For more complex operations, MBASIC allowed user-defined functions that could be called from a BASIC program. These were typically placed in a reserved area of memory, or POKEd into string constants, as a series of machine codes (opcodes). MBASIC also provided hardware INP and OUT instructions that read and wrote directly to the 8080 hardware input/output ports. This could be used to control peripheral devices from a BASIC program if the system hardware permitted.

Any MBASIC programs that made use of PEEK and POKE, and of machine code user functions, were not portable between machines without modifications.

== Successors to MBASIC ==
Besides Microsoft's BASIC-80 for CP/M, a variant of MBASIC was also available as for the ISIS-II operating system.

MSX-BASIC is also a well known successor of MBASIC, featuring several extensions specific to the MSX machines.

All the functions of CP/M MBASIC were available in the IBM PC disk-based BASICA or GWBASIC which made migration of programs from CP/M systems to PC-compatibles possible. The tokens used to represent keywords were different, so CP/M programs had to be saved in ASCII source form.
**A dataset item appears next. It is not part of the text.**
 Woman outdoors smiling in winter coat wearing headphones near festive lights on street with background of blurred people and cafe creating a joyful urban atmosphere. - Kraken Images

Typically screen formatting escape sequences put into the CP/M version would be replaced with the cursor positioning commands found in the PC versions of BASIC, otherwise little rewriting would be needed.

== BASCOM ==
Microsoft sold a CP/M BASIC compiler (known as BASCOM) which used a similar source language to MBASIC. A program debugged under MBASIC could be compiled with BASCOM. Since program text was no longer in memory and the run-time elements of the compiler were smaller than the interpreter, more memory was available for user data. Speed of real program execution increased about 3 fold.
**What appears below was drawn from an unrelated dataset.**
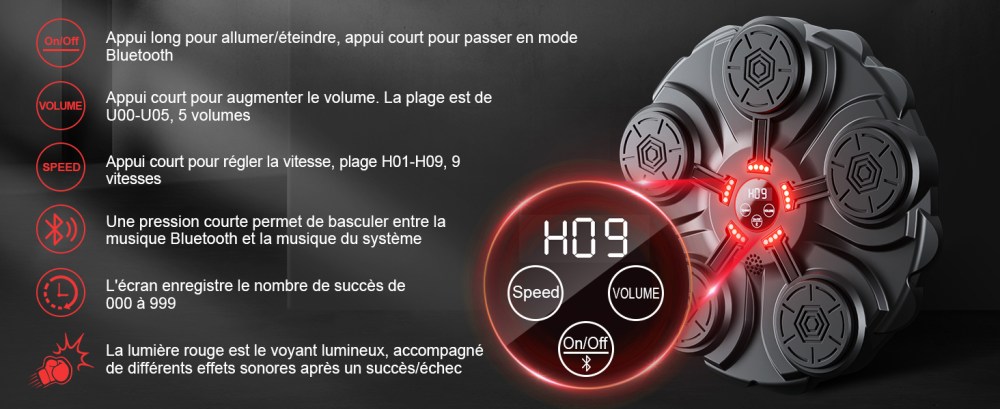 Appareil Fitness Maison Adulte Enfant Machine De Boxe Musicale ZEMBSOYA - Bluetooth, Réglable, Fixation Murale - Pour Fitness à La Maison Entraînement Boxe à Domicile

Developers welcomed BASCOM as an alternative to the popular but slow and clumsy CBASIC. Unlike CBASIC, BASCOM did not need a preprocessor for MBASIC source code so could be debugged interactively. While approving of its superior edit-compile-run-debug loop compared to CBASIC, and stating that binaries ran far faster, Jerry Pournelle in December 1980 denounced Microsoft's requirement of a 9% royalty for each binary copy and $40 for hardware-software combinations. The company also reserved the right to audit developers' financial records. Because authors' typical royalty rates for software was 10-25%, InfoWorld in 1980 stated that BASCOM's additional 9% royalty rate "could make software development downright unprofitable", concluding that "Microsoft has the technical solution [to CBASIC's flaws], but not the economic one".

== Importance of MBASIC ==
MBASIC was an important tool during the era of 8-bit CP/M computers. Skilled users could write routines in MBASIC to automate tasks that in modern-day systems would be performed by powerful application program commands or scripting languages. Exchange of useful MBASIC programs was a common function of computer users' groups. Keying in long BASIC listings from a magazine article was one way of "bootstrapping" software into a new CP/M system. At least one compiler for a high-level language was written in MBASIC, and many small games and utility programs ranging from a few lines to a few thousand lines of code were written.

== Other uses ==
MBASIC is also the name of a commercial BASIC compiler for the Microchip Technology PIC microcontroller family developed by Basic Micro, Inc., unrelated to the CP/M interpreter.